パイドン―魂の不死について (岩波文庫)

パイドン―魂の不死について (岩波文庫)


例えば以下のくだり。「哲学」とはどういうものかを説いたところである。

もしも、魂が純粋な姿で肉体から離れたとしよう。その場合、魂は肉体的な要素を少しも引きずっていない。なぜなら、魂は、その生涯においてすすんで肉体と交わることがなく、むしろ、肉体を避け、自分白身へと集中していたからである。このことを魂はいつも練習していたのである。そして、この練習こそは正しく哲学することに他ならず、それは、また、真実に平然と死ぬことを練習することに他ならないのだ。(79頁)


哲学は魂が純粋な姿になる練習であるとソクラテスは説く。このパラグラフから分かることは、「死」というものによって「もたらされるもの」が現代の考え方とは全く違っているということである。現代では「死」とは「無」である。しかし、プラトンでは魂が最も純粋になる状態=好ましい状態として捉えられている。この捉え方の違いは『パイドン』を読む際の前提である。


そのパラグラフの後、次のようにくだりが続く。

それでは、魂が以上のような状態にあれば、それは、自分自身に似たあの目に見えないもの、神的なもの、不死なるもの、賢いもの、の方へと立ち去って行き、ひと度そこに到達すれば、彷徨や、狂愚の振舞いや、恐怖や、狂暴な情欲や、その他の様々な人間的な悪から解放されて、幸福になるのではないか。そして、秘儀を受けた人々について言われているように、残りの時間を真実に神々と共に過ごすのではないか。(80頁)


「死」という状態は「生」における諸悪から解放されるという意味での「幸福」であると説かれている。もちろん、この文を読む際には幾つかの予備知識が必要である。まず、プラトン(ソクラテス)は必ずしも犬儒学派的な価値観を持っているわけではないということ。このことを明示的に確認するには『パイドロス』を併読する必要がある。また、もちろん「生」とは苦痛だから「死ぬべきだ」とプラトンが言っているわけではないということも指摘しておく必要があろう。


加えて、先ほども書いたように「死」というものの捉え方が現代とはずいぶんと違っている。岩波版『パイドン』の翻訳の副題が「魂の不死について」となっているように、プラトンにおいては魂は不死であって、転生するものなのである。


これらのことを踏まえると、プラトンが現代的な意味での「尊厳死」を説いていたのではないということは確認できるように思われる。現代的な意味での「尊厳死」の論点は、魂の不死であるとか、輪廻転生にあるわけではない。


その上で、プラトンの思想から現代的な意義を抽出するならば、「生」は絶対的な価値ではないということであろう。「生」とは別のものが「生」以上に重要である。だから、その重要なものが侵される際には、「生」を放棄しても構わないのだ。このような「判断」である。

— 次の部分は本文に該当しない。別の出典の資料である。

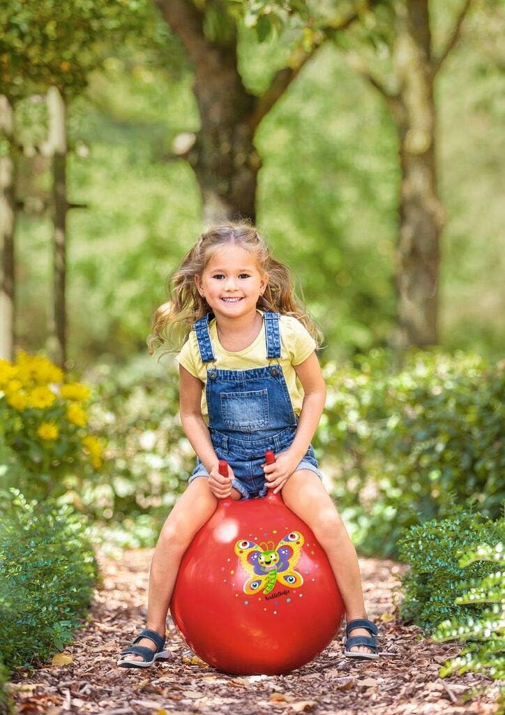 Adatto ai bambini. ✓ La stampa colorata della palla di gomma a forma di farfalla amorevole entusiasma già i più piccoli a partire dai 4 anni e invita a correre e saltare Facilissima ✓ La palla per saltare realizzata in plastica robusta è facilmente gonfiabile con una pompa a piedi, a mano o elettrica e il divertimento può poi iniziare in un attimo Gioco per bambini ✓ rimbalzando e saltando sulla palla Hopper si allena la costruzione muscolare dei bambini e allenando la coordinazione, l'equilibrio e l'equilibrio Compleanno per bambini. ✓ La consegna di questo fantastico giocattolo per interni ed esterni avviene in una bella scatola regalo ed è ideale anche come regalo per compleanni, Pasqua o Natale Sicura per i bambini. ✓ Le piccole scanalature sulle maniglie della palla per saltare garantiscono una presa ottimale durante il salto e impediscono così efficacemente al bambino di scivolare dalla palla. Dimensioni da gonfiato: circa Ø 45 cm, carico massimo circa 80 kg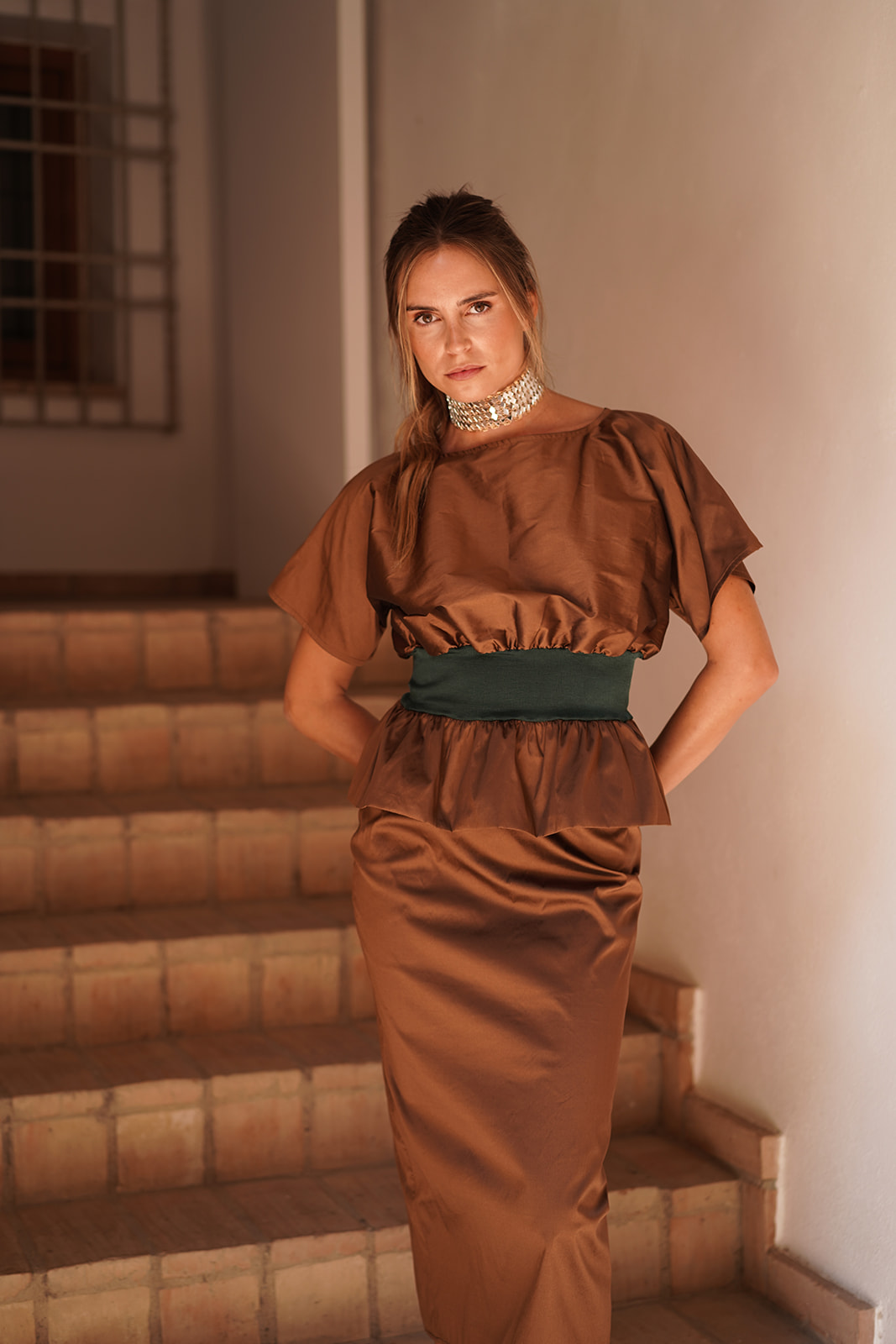 Top de tafetán marrón con cintura de punto en verde botella y volante peplum. Un conjunto sofisticado y estiloso.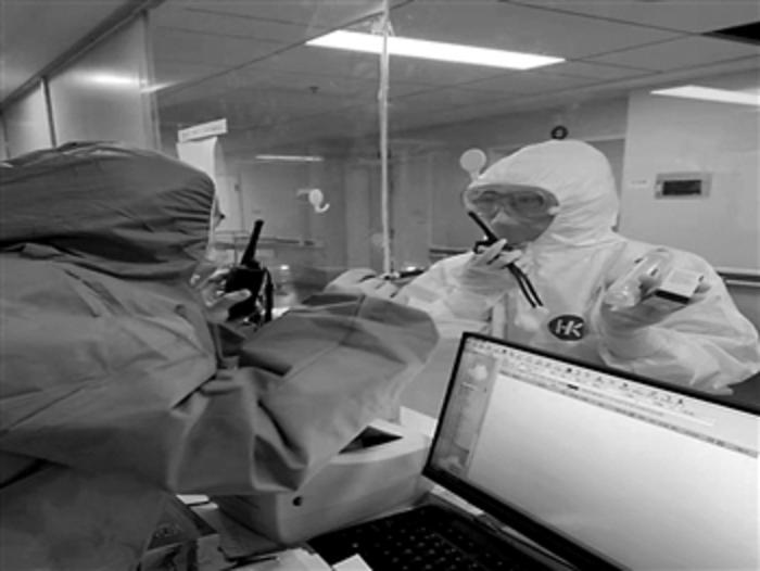 兩位醫(yī)護(hù)人員隔著玻璃用對(duì)講機(jī)交流。

その「生」よりも重要なものが、ソクラテスプラトン的に「魂」であるとか、「死は悪からの解放である」となると、正直ついていけない。


しかし、一方で、「生」以上に重要なものが存在するということは否定することは出来ない。なぜならば、物事の根拠を遡及的に辿っていくと、必ず無限後退が起きるからだ。「生」が最も重要なものであるというのは、「あたりまえ」のことかもしれないが、それは、今の自分の人生がとても幸福であって、自分の人生が幸福だから、他人の人生もまた幸福だろう(幸福であるべきだ)と思いこんでいるだけなのかもしれない。突き詰めて「生」の価値を考えるとその価値を最上のものだと根拠づけるものは存在しないはずである。


かといって、「生」以外で、「生」よりも重要なものを探し出したとして、それが最上であるという判断を下すことも出来ない。尊厳死とは一般に「QOL」が「生」よりも重要視されるということになろうが、「QOL」が「生」よりも重要であるという根拠は(客観的に)存在しない。


これはアリストテレスの言葉でいうならば「問答法的推論」の取り扱うべき問題である。アリストテレスは推論を「論証」「問答法的推論」「論争法的推論」の3つに分けたが、上記の状況において、必要なのは「問答法的推論」である。つまり、「生」が絶対的優越になることはない。また「生」以外の何かが絶対的優越になることもない。このような明確な答えのない推論の取るべき方法は「問答法的推論」になる。そして、それは「倫理」の仕事となるのであろう。